= ASSIGNMENT =
Each line from the top of the listing through the one holding "Uptown is laid" should be restated word for word, with nothing added and no pictures.

===== AVAILABLE DATA =====

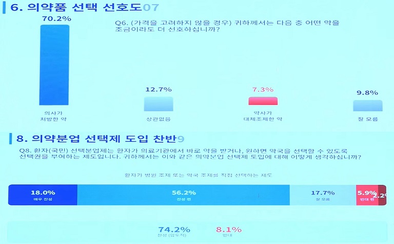 특히 성분명 처방 도입 근거인 감염병 대유행이나 약 품절 사태 등 위기 상황에서도 의사가 직접 약을 조제하는 '원내 조제'를 원한다는 응답이 70%로 압도적이었다. 나아가 환자가 병원 조제와 약국 조제 중 원하는 곳을 선택할 수 있도록 하자는 내용의 '의약분업 선택제'에 74.2%가 찬성했다.
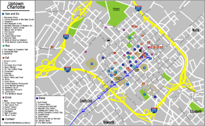 Uptown is laid out in a grid, with numbered streets running east-west with few exceptions. Streets running north-south have proper names. From any direction, it is fairly easy to know where you are relative to the central intersection of Trade & Tryon St. If you are using a paper map, you might note that the street grid is aligned at a 45-degree angle relative to the compass; "North" streets actually go northeast.
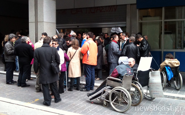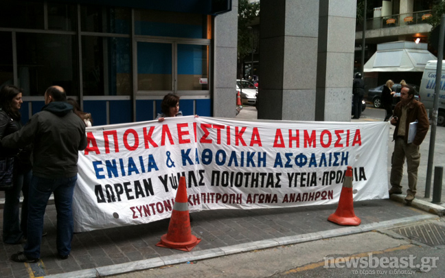 Συγκέντρωση με αίτημα τη δημόσια, ενιαία και καθολική ασφάλιση πραγματοποιεί αυτή την ώρα έξω από το υπουργείο Οικονομικών η Συντονιστική Επιτροπή Αγώνα Αναπήρων. Περίπου 150 άτομα βρίσκονται έξω από το υπουργείο, ενώ έχουν κλείσει την είσοδο του.
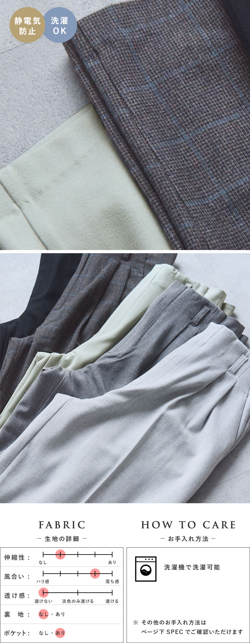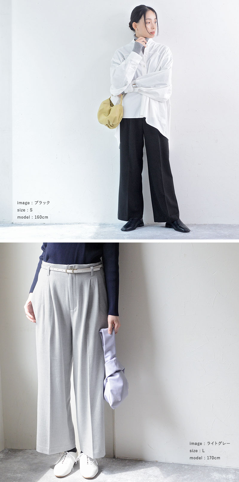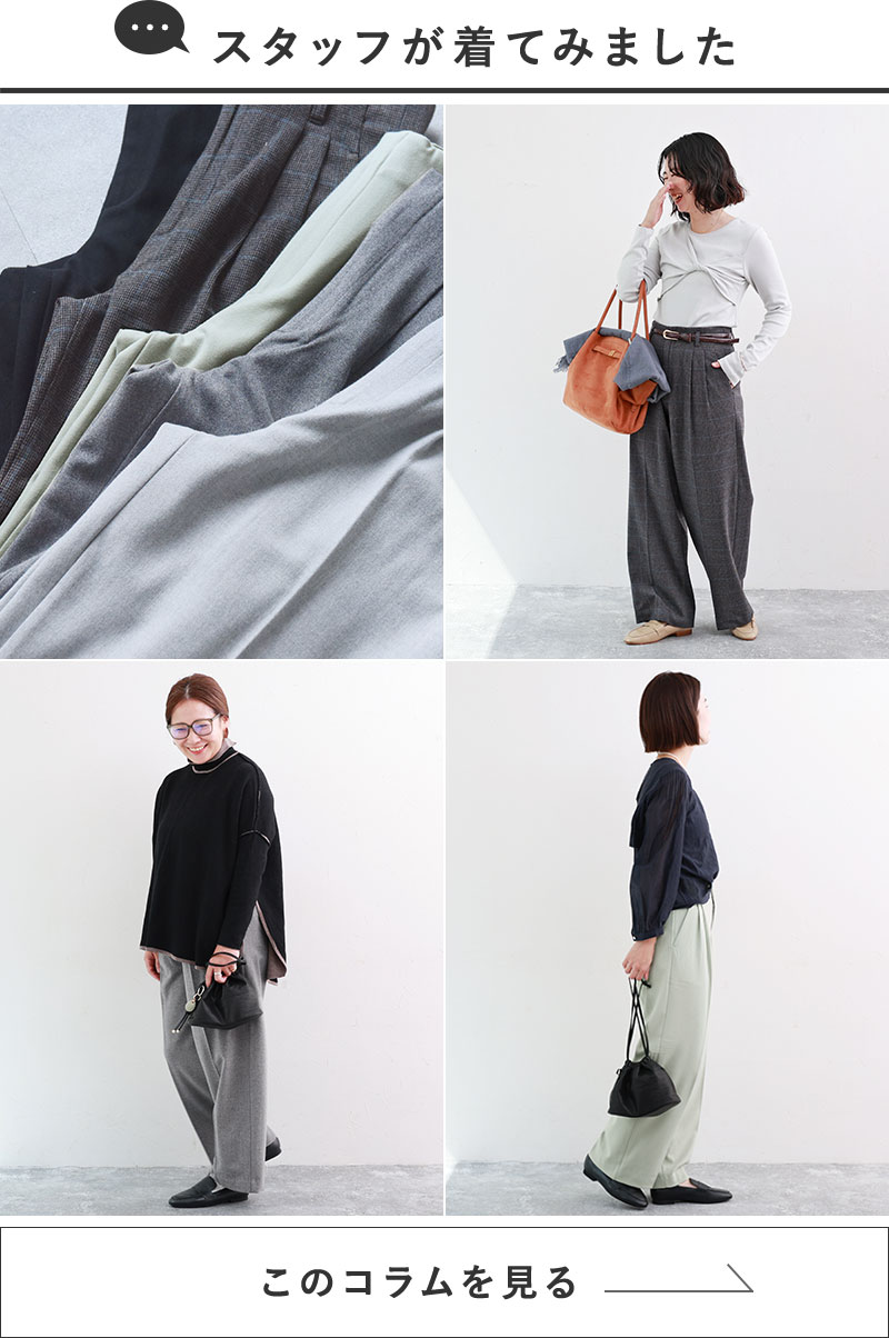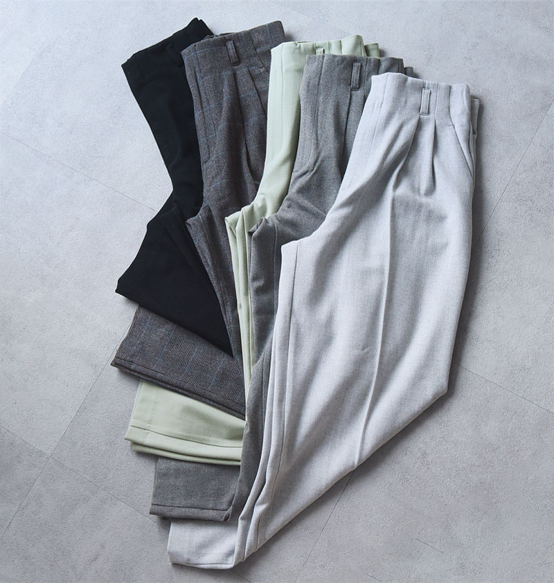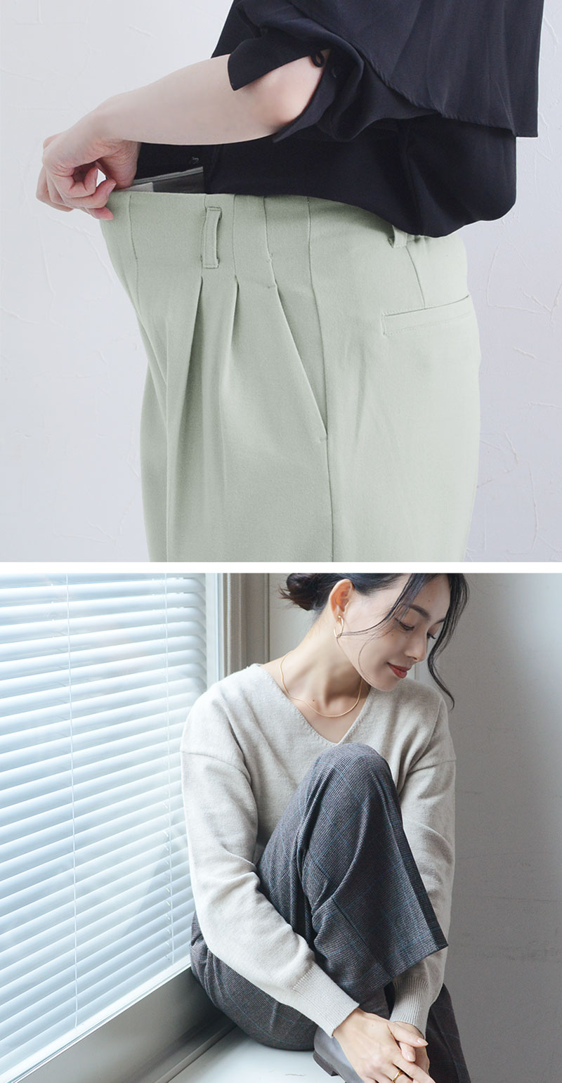 フロントに入った2つのタックと、ワイドシルエットで腰回りも上手にカバー。バリエーション豊かな5カラーで、お仕事コーデからきれいめカジュアルまで、様々なコーデをお楽しみいただけます。

=====

= TASK ANSWER =
 특히 성분명 처방 도입 근거인 감염병 대유행이나 약 품절 사태 등 위기 상황에서도 의사가 직접 약을 조제하는 '원내 조제'를 원한다는 응답이 70%로 압도적이었다. 나아가 환자가 병원 조제와 약국 조제 중 원하는 곳을 선택할 수 있도록 하자는 내용의 '의약분업 선택제'에 74.2%가 찬성했다.
 Uptown is laid out in a grid, with numbered streets running east-west with few exceptions. Streets running north-south have proper names. From any direction, it is fairly easy to know where you are relative to the central intersection of Trade & Tryon St. If you are using a paper map, you might note that the street grid is aligned at a 45-degree angle relative to the compass; "North" streets actually go northeast.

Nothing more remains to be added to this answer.